In the short term, conditions that make learning more challenging - such as generating words instead of passively reading them, varying conditions of practice, transferring knowledge to new situations, or learning to solve multiple types of math problems at once - might slow down performance. However, there is a yield in long-term retention. At first the learner may make more errors or forget an important process, but it is this forgetting that actually benefits the learner in the long term; relearning forgotten material takes demonstrably less time with each iteration. The subjective difficulty of processing disfluent information can actually lead learners to engage in deeper processing strategies, which then results in higher recall for those items. (Bye, 2011)
By forcing the brain to create multiple retrieval paths, a desirable difficulty makes the information more accessible. If we can use information in multiple ways and multiple contexts, we build many pathways to memory; thus, if one pathway is blocked, we can use another.
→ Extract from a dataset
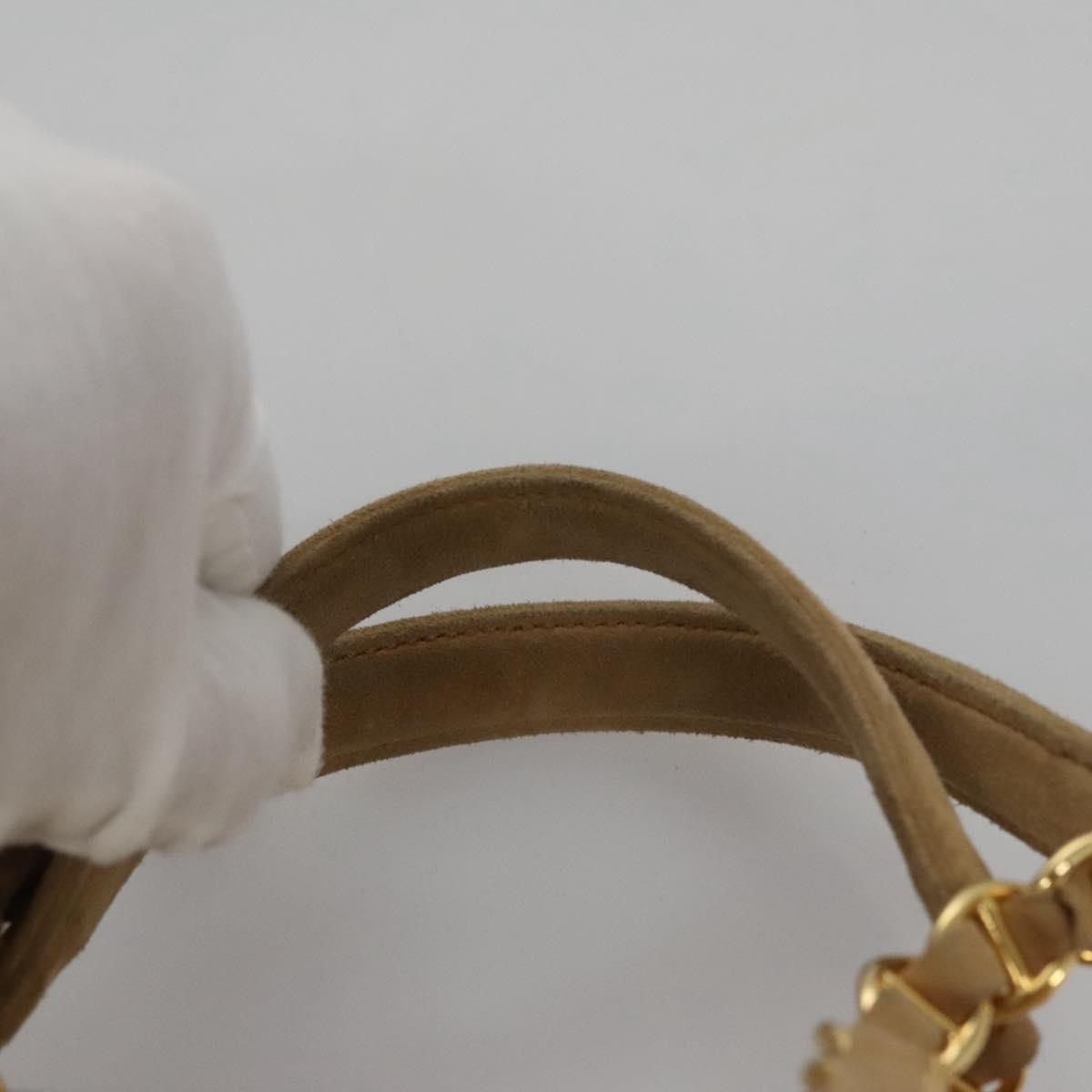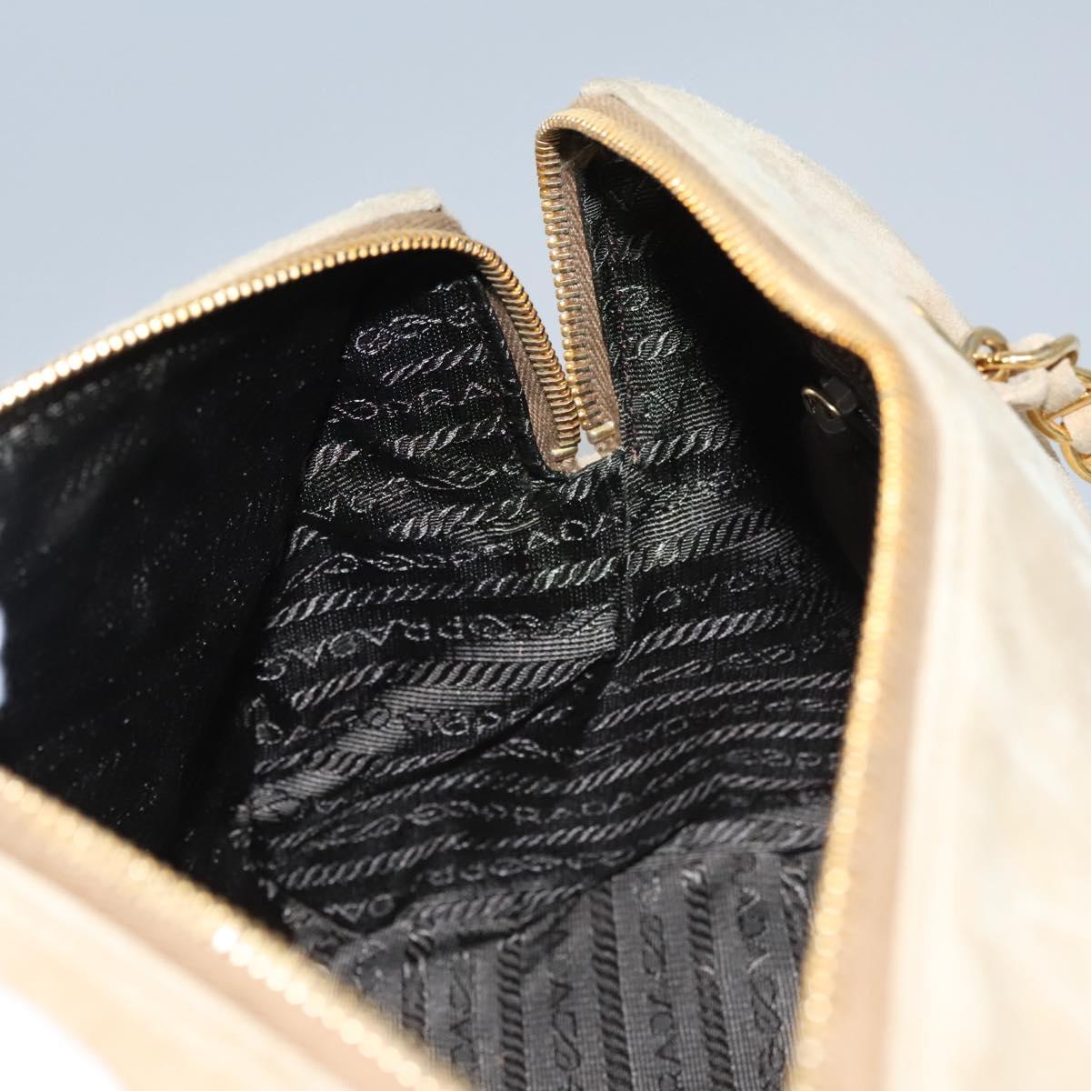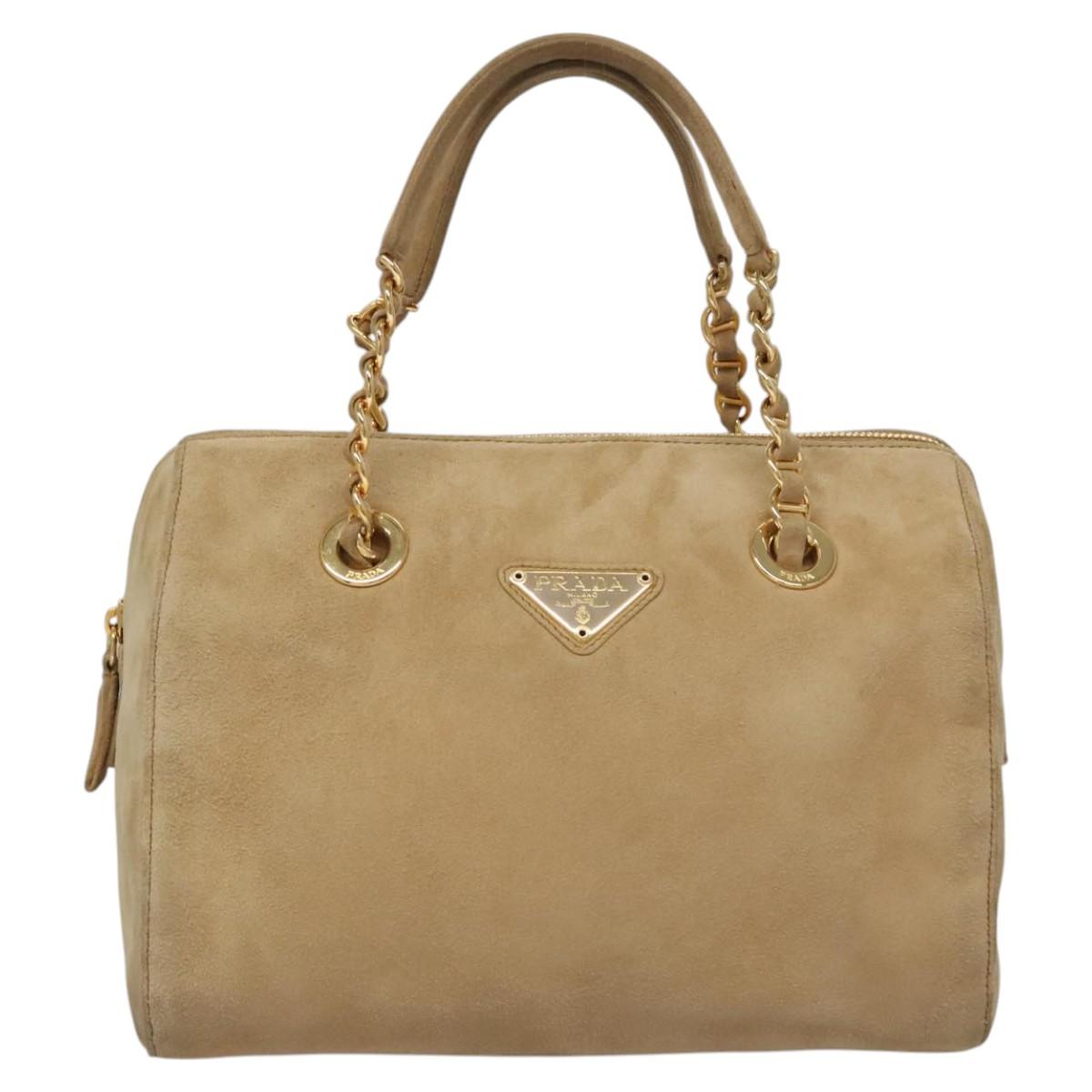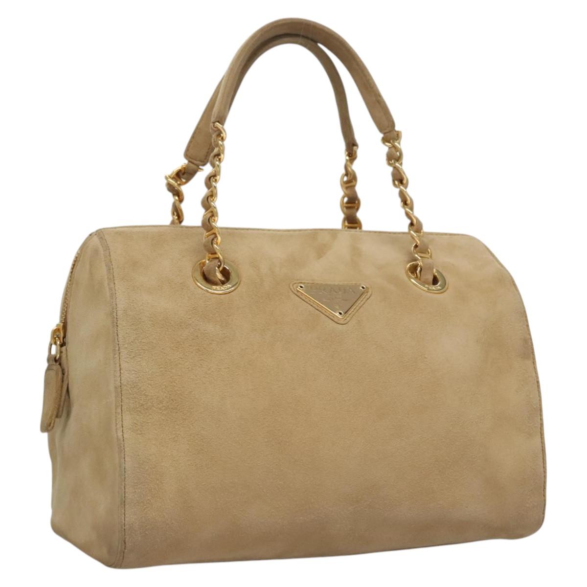 PRADA Chain Hand Bag Suede Beige Gold Auth 109818V
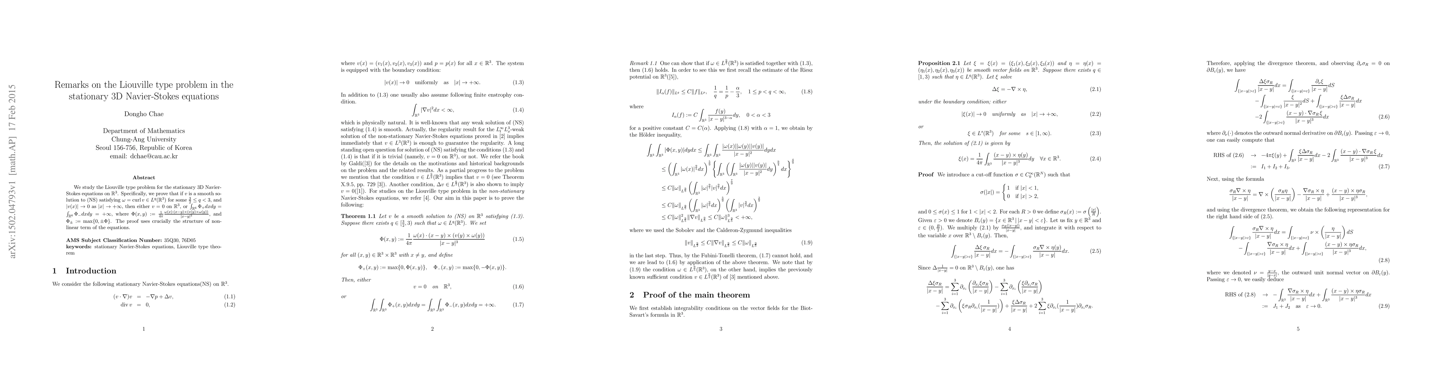 We study the Liouville type problem for the stationary 3D Navier-Stokes equations on $\Bbb R^3$. Specifically, we prove that if $v$ is a smooth solution to (NS) satisfying $\omega={\rm curl}\,v \in L^q (\Bbb R^3) $ for some $\frac32 \leq q< 3$, and $|v(x)|\to 0$ as $|x|\to +\infty$, then either $v=0$ on $\Bbb R^3$, or $\int_{\Bbb R^6} \Phi_+ dxdy=\int_{\Bbb R^6} \Phi_- dxdy=+\infty$, where $\Phi(x,y) :=\frac{1}{4\pi}\frac{\omega (x)\cdot(x-y)\times (v(y)\times \omega(y) )}{|x-y|^3} $, and $\Phi_\pm:=\max\{ 0, \pm \Phi\}$. The proof uses crucially the structure of nonlinear term of the equations.

These difficulties invite a "deeper processing of material than people would normally engage in without explicit instruction to do so" (Bjork, 1994). However, teaching with desirable difficulties can be challenging. Learners, of course, are gratified when they feel that they are processing information easily. Instructors understandably want learning to come quickly for students and may choose the method that produces immediate results. However, as Bye (2011) states, when "instructors facilitate learning by making it easier, it may increase short-term performance, but it may decrease long-term retention." Bjork (2013) suggests that once instructors decide what they want students to remember a year after their course is over, they then think about how to implement desirable difficulties into their course. This may mean introducing an important concept multiple times in different ways throughout the semester, making the important class concepts relevant to other course material (see Principle 3: Emotion and Relevance Deepen Learning, p. 15), and asking students to analyze and produce knowledge, rather than listen to theinstructors present it (see chapter 2, "Actively Engaged Learning," p. 23).
Quiz students on material rather than having them simply restudy or reread it (Karpicke & Blunt, 2011; Roediger & Karpicke, 2006). Even if quizzes are low-stakes assessments, they force students to generate information rather than passively read (See Principle 6: Formative Assessment of Low-Stakes Evaluation Strengthens Retention, p. 43).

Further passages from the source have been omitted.